On 02/05/2019 10:10 AM, Michael Ellerman wrote:
Christophe Leroy <christophe.le...@c-s.fr> writes:
Le 20/12/2018 à 23:35, Benjamin Herrenschmidt a écrit :

    /*
     * MSR_KERNEL is > 0x10000 on 4xx/Book-E since it include MSR_CE.
@@ -205,20 +208,46 @@ transfer_to_handler_cont:
        mflr    r9
        lwz     r11,0(r9)               /* virtual address of handler */
        lwz     r9,4(r9)                /* where to go when done */
+#if defined(CONFIG_PPC_8xx) && defined(CONFIG_PERF_EVENTS)
+       mtspr   SPRN_NRI, r0
+#endif

That's not part of your patch, it's already in the tree.

Yup rebase glitch.

   .../...

I tested it on the 8xx with the below changes in addition. No issue seen
so far.

Thanks !

I'll merge that in.

I'm currently working on a refactorisation and simplification of
exception and syscall entry on ppc32.

I plan to take your patch in my serie as it helps quite a bit. I hope
you don't mind. I expect to come out with a series this week.

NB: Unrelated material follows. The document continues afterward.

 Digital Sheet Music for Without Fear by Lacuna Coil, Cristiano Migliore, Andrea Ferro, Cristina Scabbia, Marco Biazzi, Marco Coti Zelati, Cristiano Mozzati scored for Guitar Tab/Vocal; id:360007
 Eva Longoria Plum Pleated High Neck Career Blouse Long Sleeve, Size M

Ben's AFK so go ahead and pull it in to your series if that helps you.
The main obscure area is that business with the irqsoff tracer and thus
the need to create stack frames around calls to trace_hardirqs_* ... we
do it in some places and not others, but I've not managed to make it
crash either. I need to get to the bottom of that, and possibly provide
proper macro helpers like ppc64 has to do it.

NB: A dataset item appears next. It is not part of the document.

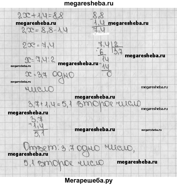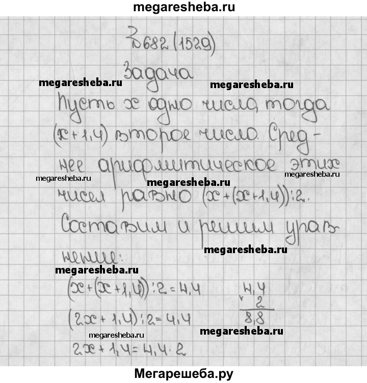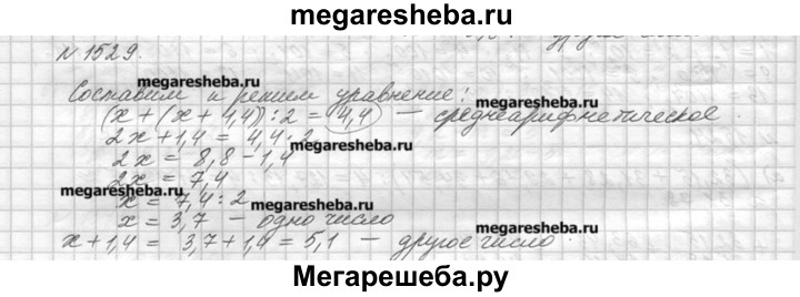 1529. Среднее арифметическое двух чисел 4,4. Найдите эти числа, если одно из них на 1,4 больше другого.

I can't see anything special around this in ppc32 code. As far as I
understand, a stack frame is put in place when there is a need to
save and restore some volatile registers. At the places where nothing
needs to be saved, nothing is done. I think that's the normal way for
any function call, isn't it ?

The concern was that the irqsoff tracer was doing
__builtin_return_address(1) (or some number > 0) and that crashes if
there aren't sufficiently many stack frames available.

See ftrace_return_address.

Possibly the answer is that we don't have CONFIG_FRAME_POINTER and so we
get the empty version of that.


Yes indeed, ftrace_return_address(1) is not __builtin_return_address(1) but 0ul as CONFIG_FRAME_POINTER is not defined. So the crash can't be due to that as it would then crash regardless of whether we set a stack frame or not. And anyway, as far as I understand, if the stack is properly initialised, __builtin_return_address(X) returns NULL and don't crash when the top of backtrace is reached.

Do you have more details about the said crash ? I think we should file an issue for it in our issue databse.

For the time being, I'll get rid of that unneccessary stack frame in entry_32.S as part of my syscall prolog optimising series.